OECD sees Indonesia's economic growth projection down to 4.9 percent

  • Published on 18/03/2025 GMT+7

  • Reading time 2 minutes

  • Author: Renold Rinaldi

  • Editor: Imanuddin Razak

The Organisation for Economic Cooperation and Development (OECD) has cut its projection for Indonesia's economic growth this year from 5.2 percent to 4.9 percent, while next year's projection is predicted to lower from 5.1 percent to 5 percent. 

The cuts are part of a broader revision to global economic growth projections, which have been cut from 3.3 percent to 3.1 percent this year and from 3.1 percent to 3 percent next year. 

According to the March 2025 edition of the OECD Economic Outlook, economic growth in developing G20 countries has generally slowed. 

China is projected to grow by only 4.8 percent this year and 4.6 percent next year, impacted by President Donald J. Trump's high tariff policies. 

India is expected to grow by 6.4 percent in the 2024-2025 fiscal year and 6.6 percent in the 2025-2026 fiscal year. 

Brazil's growth is expected to slow from 3.4 percent in 2024 to 2.1 percent in 2025, and only 1.4 percent in 2026, due to the impact of monetary tightening and high U.S. tariffs on steel and aluminum exports.

 

Global inflation to decrease

The OECD also expects global inflation to be lower in the next few years. As for G20 countries, headline inflation is expected to fall from 5.3 percent (2024) to 3.8 percent (2025), and 3.2 percent (2026). 
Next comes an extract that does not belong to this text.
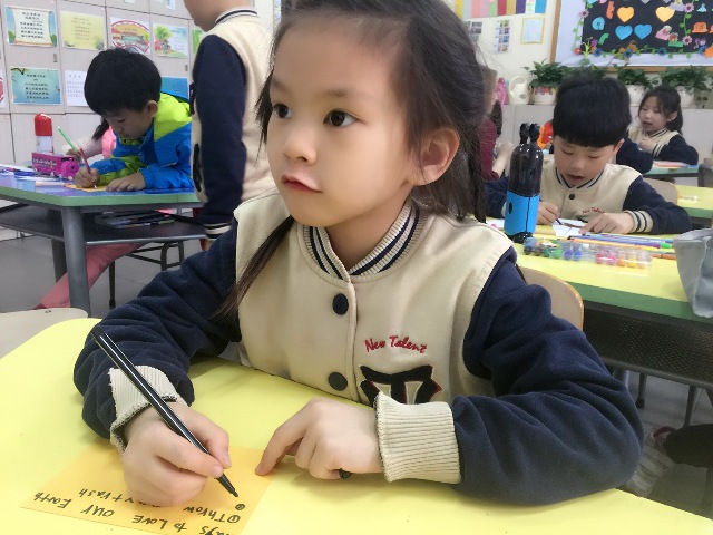 当无知的人们继续向大地、海洋里随意丢弃垃圾的时候,新英才一年级的小朋友们正在科学课堂里聆听关于这个快乐的“黄金”星球的故事。他们无法相信,地球曾经是那么洁净,那么明亮,那么快乐。他们惊讶地发现是人类的污染把地球变得如此污秽不堪。他们思考着怎样才能让地球妈妈恢复往日的快乐:废物循环、节约用水、随手关灯、绿色出行……他们兴奋地想把净化地球的好方法传播出去。并且去还原一个更清洁,更快乐的地球。

For advanced G20 countries, core inflation is projected at 2.7 percent (2024), 2.6 percent (2025), and 2.4 percent (2026). 

Meanwhile, for developing countries, annual inflation is expected to fall more sharply, especially in Argentina and Turkiye, which previously experienced high inflation spikes. 

Indonesia case

However, several developing countries are actually experiencing an increase in inflation, including Indonesia and South Africa. 

The cut in Indonesia's economic growth projection reflects the impact of the global economic slowdown, particularly from declining export demand and potential inflationary volatility. 

The government needs to anticipate this trend with more adaptive economic policies, including encouraging domestic investment and maintaining people's purchasing power.